- Education: Berea College
- Alma mater: Miami University
- Known for: Rabindranath Tagore Chair in Indian Cultures and Civilizations
- Awards: Pravasi Bharatiya Samman
- Scientific career
- Fields: Political science
- Institutions: Indiana University
- Thesis: (1984)

= Sumit Ganguly =

American political scientist

Sumit Ganguly is an American political scientist. He is a senior fellow at the Hoover Institution and a professor of political science at Indiana University and currently holds that University's Rabindranath Tagore Chair in Indian Cultures and Civilizations, focusing on comparative politics in South Asia.

Ganguly completed his undergraduate degree at Berea College in 1977, his master's degree from Miami University in 1978, and his Ph.D. in political science at the University of Illinois - Urbana-Champaign in 1984. Prior to being appointed at Indiana University, he taught at Michigan State University, Hunter College, Columbia University, and the University of Texas at Austin.

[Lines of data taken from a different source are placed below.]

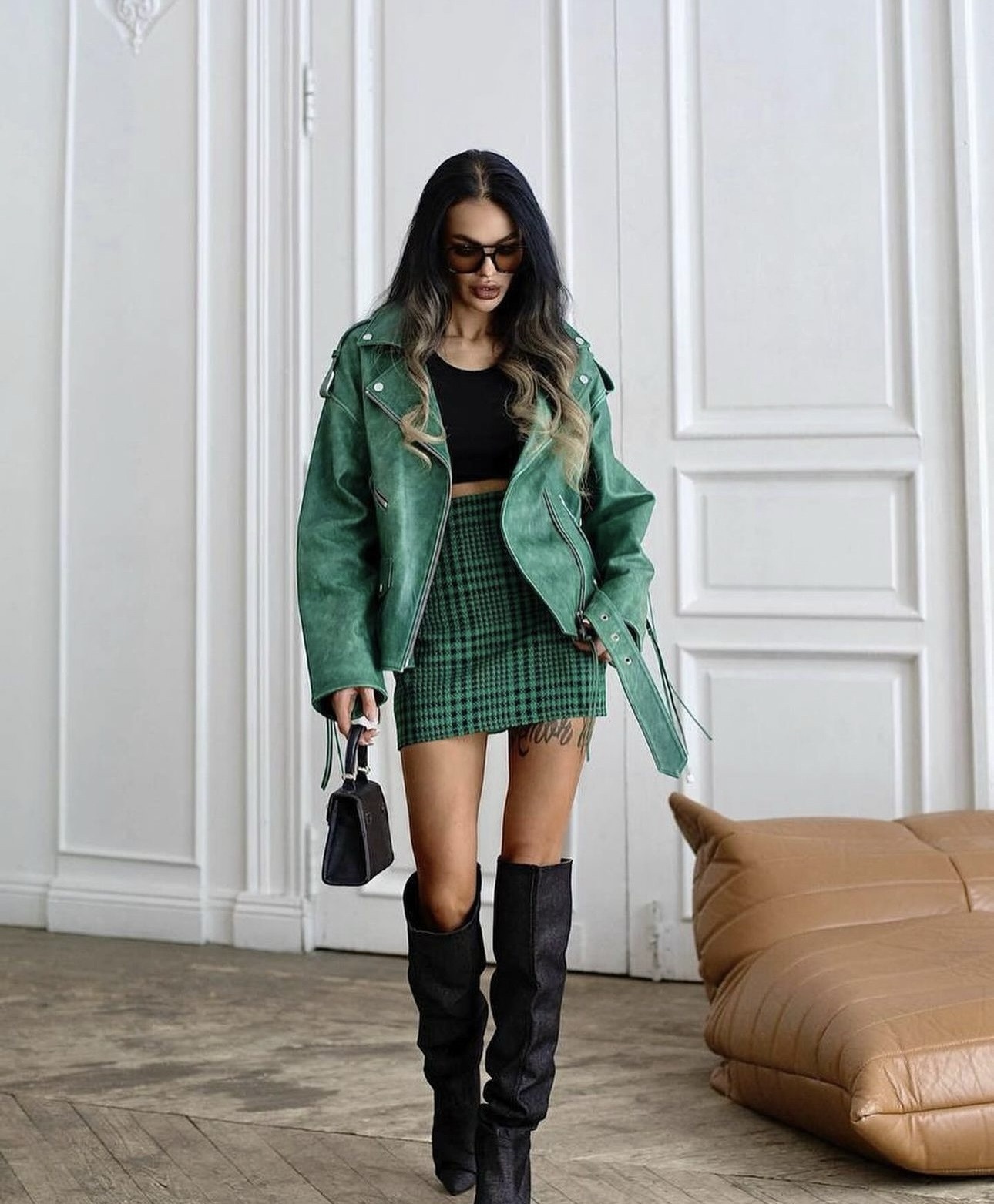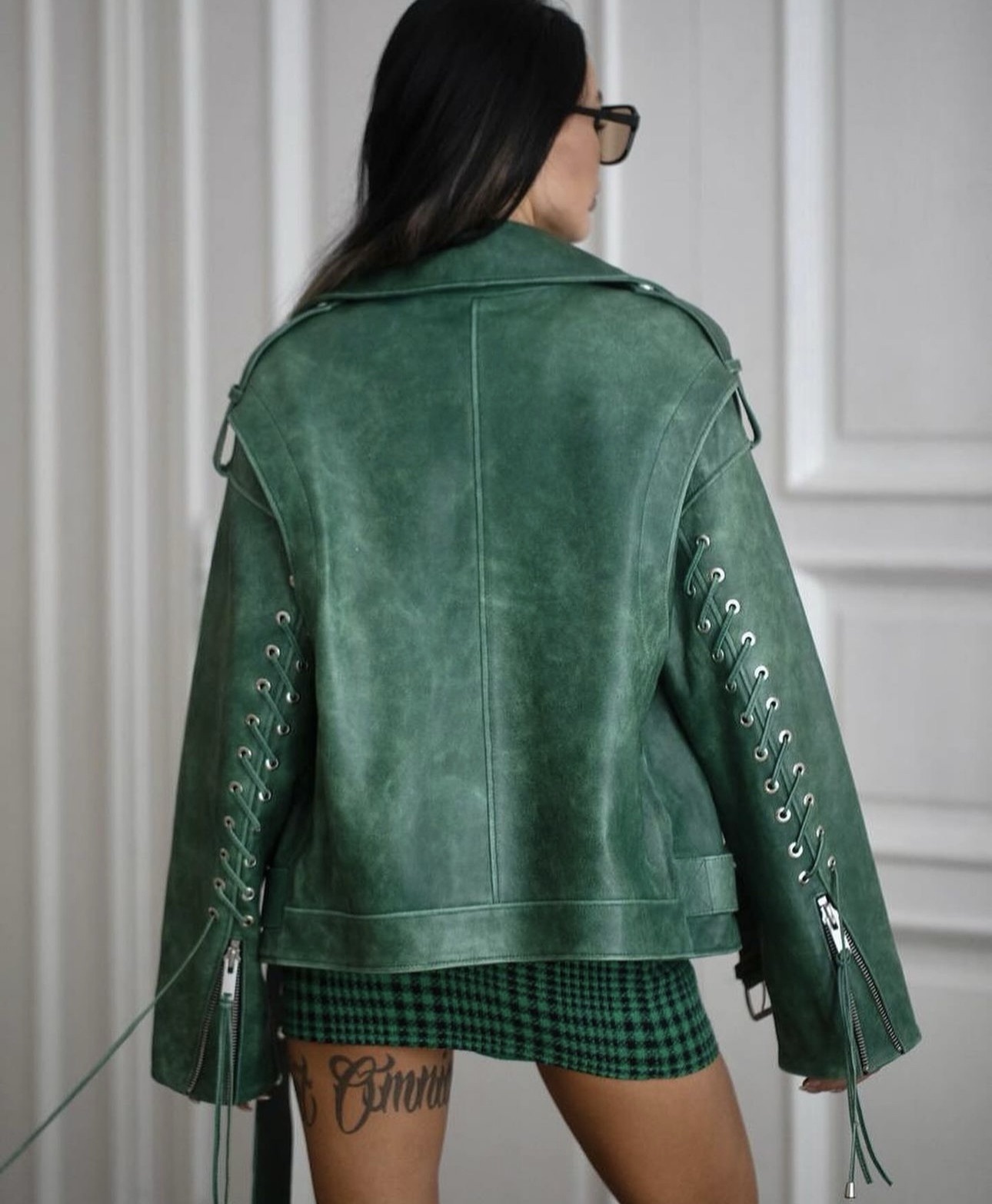 Кожаная куртка «изумруд» со шнуровкой на рукавах
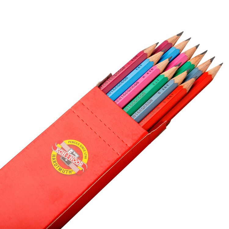 Šestihranné tužky v dřevěném plášti s grafitovým jádrem v gradaci 2/HB. Tužky jsou v šesti odstínech povrchové úpravy a mají 6 odstínů gumotypů, balené po 12 ks (mix) do krabičky. Hodí se pro univerzální použití. Přečíst si více
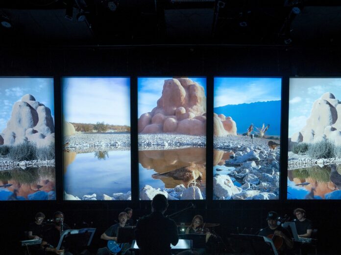Las imágenes proyectadas, caracterizadas por tonos fríos y desaturados, ofrecieron una coreografía mínima y ritual. Los animales se deslizaban en un paisaje áspero y casi post-apocalíptico, creando un mundo donde la vida persiste de manera sutil pero constante.

Ganguly was a founding editor of the journals India Review and Asian Security.

==Published works==
- Books
- The Crisis in Kashmir: Portents of War, Hopes of Peace, Cambridge University Press, 1999. ISBN 9780521655668
- Conflict Unending: India–Pakistan Tensions since 1947, Columbia University Press, 2002. ISBN 9780231507400
- The Kashmir Question: Retrospect and Prospect, Routledge, 2004. ISBN 9781135756574
- Fearful Symmetry: India-Pakistan Crises in the Shadow of Nuclear Weapons (with Devin T. Hagerty), University of Washington, 2006. ISBN 978-0-295-98635-7
- Indian Foreign Policy, Oxford University Press, 2012. ISBN 9780198080367. Revised 2015: ISBN 9780198082217
- Deadly Impasse: India–Pakistan Relations at the Dawn of a New Century, Cambridge University Press, 2016. ISBN 9780521763615
- Ascending India and Its State Capacity: Extraction, Violence, and Legitimacy (with William R. Thompson), Yale University Press, 2017. ISBN 9780300224993
- The Future of ISIS: Regional and International Implications (with Feisal al-Istrabadi), Brookings Institution Press, 2018. ISBN 9780815732174
- Edited works
- India as an Emerging Power, Routledge, 2004. ISBN 9781135761769
- US-Indian Strategic Cooperation into the 21st Century: More than Words (coedited with Andrew Scobell and Brian Shoup), Routledge, 2006. ISBN 9780415702157
- South Asia, New York University Press, 2006. ISBN 9780814731765
- India and Counterinsurgency: Lessons Learned, Routledge, 2009, ISBN 9781134008094
- Asian Rivalries: Conflict, Escalation, and Limitations on Two-level Games (co-edited with William R. Thompson), Stanford University Press, 2011. ISBN 9780804775960

==Awards==
Ganguly was awarded the Pravasi Bharatiya Samman (Distinguished Overseas Indian) award by the President of India in 2009.